Sticky assignor / cooperative-sticky rebalancing reduces churn.

Ordering

Per-partition ordering only — strictly ordered.
No global ordering across partitions.
For per-entity ordering: use entity id as message key.

Delivery semantics

At most once — commit before processing. Loss on crash.
At least once — commit after processing. Duplicates on crash. Default & most common.
Exactly once — idempotent producer + transactional reads/writes within Kafka. Works inside Kafka boundaries (consume → transform → produce). For external sinks, you still need idempotent consumers.

Storage

Each partition = sequence of segment files on disk.
Retention by time (retention.ms) or size (retention.bytes). Old segments deleted.
Compaction — alternative retention: keep latest value per key. Useful for state snapshots.
Kafka writes sequentially → very fast on spinning disks too.

Replication

Each partition has one leader, N-1 followers.
Leader pushes writes to followers; only counts ack’d replicas (ISR).
Failover: broker dies → controller elects new leader from ISR.
Unclean leader election — allow non-ISR to become leader → data loss.

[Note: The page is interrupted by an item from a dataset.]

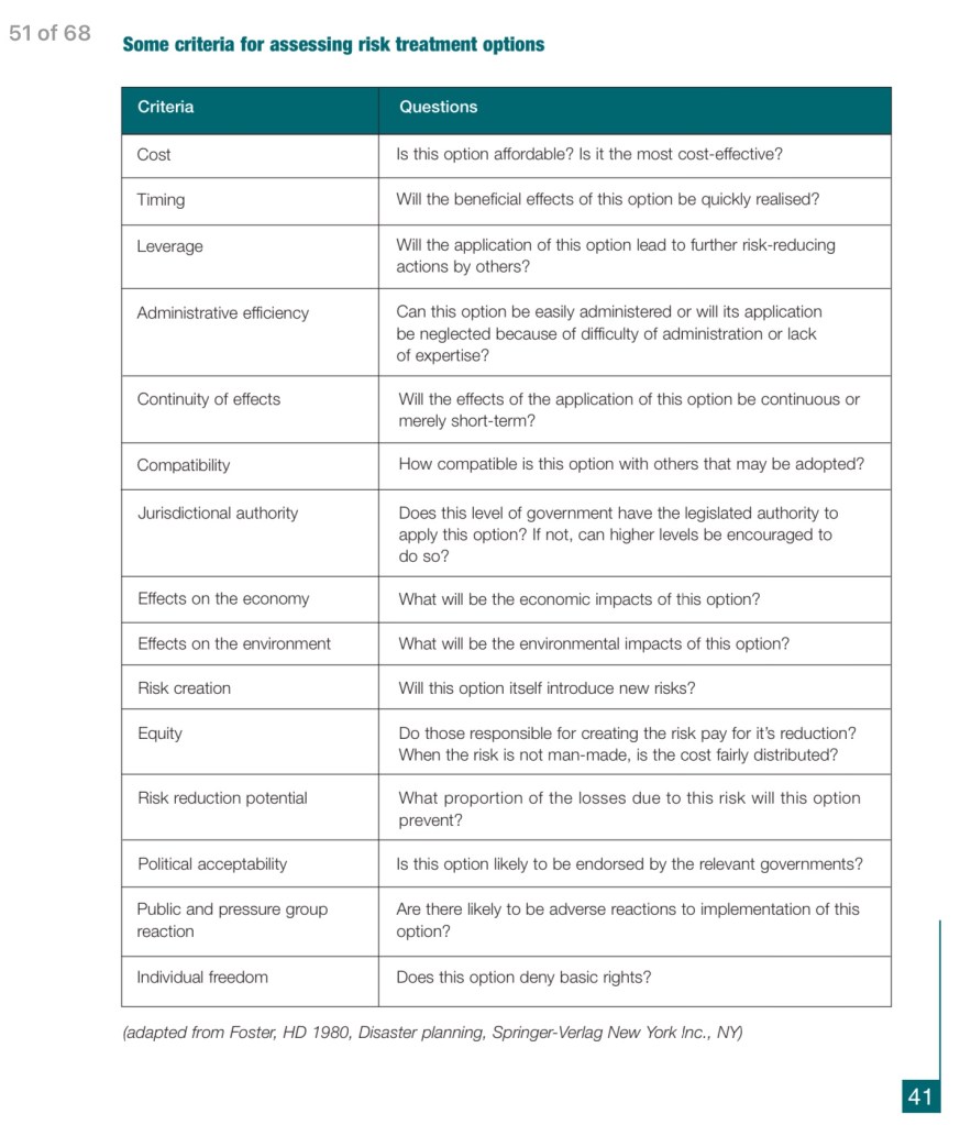 Reference – Emergency Risk Managament Guide (Emergency Management Australia, 2004 (p41 of the hard copy, or p51 of the soft copy)

Off by default; turn on for AP.

Common features

Schema Registry (Confluent / Apicurio) — Avro / Protobuf / JSON Schema with compatibility checks.
Kafka Connect — pluggable source/sink connectors (Debezium for CDC, JDBC, S3, Elasticsearch).
Kafka Streams / ksqlDB — stream processing libraries.
MirrorMaker / Cluster Linking — cross-cluster replication.

CLI essentials

kafka-topics --bootstrap-server X --create --topic events --partitions 6 --replication-factor 3
kafka-topics --list --bootstrap-server X
kafka-topics --describe --topic events --bootstrap-server X
kafka-console-producer --topic events --bootstrap-server X
kafka-console-consumer --topic events --from-beginning --bootstrap-server X
kafka-consumer-groups --bootstrap-server X --describe --group my-group
kafka-consumer-groups --bootstrap-server X --reset-offsets --to-earliest --group g --topic t --execute

Alternatives & ecosystem

Redpanda — Kafka API compatible, C++, no JVM, faster.
Apache Pulsar — segment-based, separate broker/storage.
AWS MSK / Confluent Cloud / Aiven — managed.
NATS Jetstream — lighter-weight alternative.
AWS Kinesis / GCP Pub/Sub — cloud-native streams.